1. Residuals: \(y_i - \hat{y_i}\)

boxplot(lm.fit$residuals, ylab = "Residuals")

From the box plot of the residuals, we could see the median is near 0, which roughly implies our model fit train data well, but there are many outliers, which implies linear model maybe not good enough.

2. Coefficients: \(\beta_0 \beta_1\)

Both \(\beta_0\) and \(\beta_1\) have small standard error and \(P_{value}\). Small \(P_{value}\) indicates the parameters have strong relation rather than chance.

3. Residual standard error: \(RSE\)

RSE roughly measures the average amount of difference between \(y_i\) and \(\hat{y_i}\), therefore small RSE indicates model fit well. In our case, this model is not too bad

4. R-squared: \(R^2\)

\(R^2\) measures how much the variability of Y is explained by X. If the ground truth of our model is linear, we expected to see \(R^2\) close to 1. In our case, \(R^2\) is not high. Adjusted \(R^2\) consider the condition of high \(P\)(for high dimension)

5. F-statistics:

F-statistics indicates whether there is a relationship between predictors and response. The small \(p_{value}\) strongly indicates there exsist relationship between predictors and response.

predict with lm.fit

After we get the model, we could predict the response.
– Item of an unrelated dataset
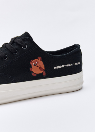 В коллекции Sela x «Союзмультфильм» — базовые кеды в чёрном и белом цветах, украшенные персонажами известных советских мультфильмов. Изображения Винни-Пуха, котёнка по имени Гав, попугая Кеши, Волка…

predict(lm.fit, data.frame(lstat = c(5, 10, 15)), interval = "confidence")

##        fit      lwr      upr
## 1 29.80359 29.00741 30.59978
## 2 25.05335 24.47413 25.63256
## 3 20.30310 19.73159 20.87461

predict(lm.fit, data.frame(lstat = c(5, 10, 15)), interval = "prediction")

##        fit       lwr      upr
## 1 29.80359 17.565675 42.04151
## 2 25.05335 12.827626 37.27907
## 3 20.30310  8.077742 32.52846

We could check the fit result(a random variable, 95% confidence interval could be view as the probability that ground true lie in this interval is 0.95) with confidence interval(for population) and prediction interval(for individual). Prediction also consider the random error term, so it is wider than confidence interval.

some plot

1. least squares regression line

plot(Boston$lstat, Boston$medv, xlab = "lstat", ylab = "medv", pch = 20, col = "blue")
abline(lm.fit, col = "red")
legend("topright","regression line",lty=1, col="red")

2. plot(lm.fit)

plot(lm.fit)

(1): Residuals is \(y_i - \hat{y_i}\), Fitted values is \(\hat{y_i}\). If the model is linear the trend line(red line) should be roughly straight. Therefore a U shape trend line provides an indication of non-linearity in the data.

(2): Basicly Q-Q plot is used to measure normality. If the true model is linear, the residuals should be approximately normally distributed. Therefore, lack of linearity indicates non-normality. A roughly straight line indicates normality, further more, linearity. In our case, the plot indicates the true model is not linear.

(3): \(\sqrt{|standardized residuals|}\) is rescaled residuals. Therefore, Scale-Location plot is similar to the Residual vs Fitted plot. U shape trend line indicates non-linear relationship

(4): Leverage could measure how much each data point influences the regression line. If the linear model is true, the points should near 0 and reach 2-3 standard deviations away from 0, and symmetrically around 0. If points lie far from 0 with fewer points nearby, it will have much influence on regression line. The red line shows the Cook’s distance, we expected the red line close to horizontal line.detail see

3. fitted values VS studentized residuals

plot(lm.fit$fitted.values, rstudent(lm.fit), ylab = "studentized residuals", xlab = "fitted.values")

The plot shows studentized residuals, computed by dividing each residual by its estimated standard error, verse fitted.values. This plot is similar to plot(1) in 2. The trend of these points should be flat if the model fit linear well.

4. calculate leverage statistics by hatvalues()

plot(hatvalues(lm.fit))

leverage statistics for a points indicates influences of the regression line. Large leverage statistics indicates strong influence.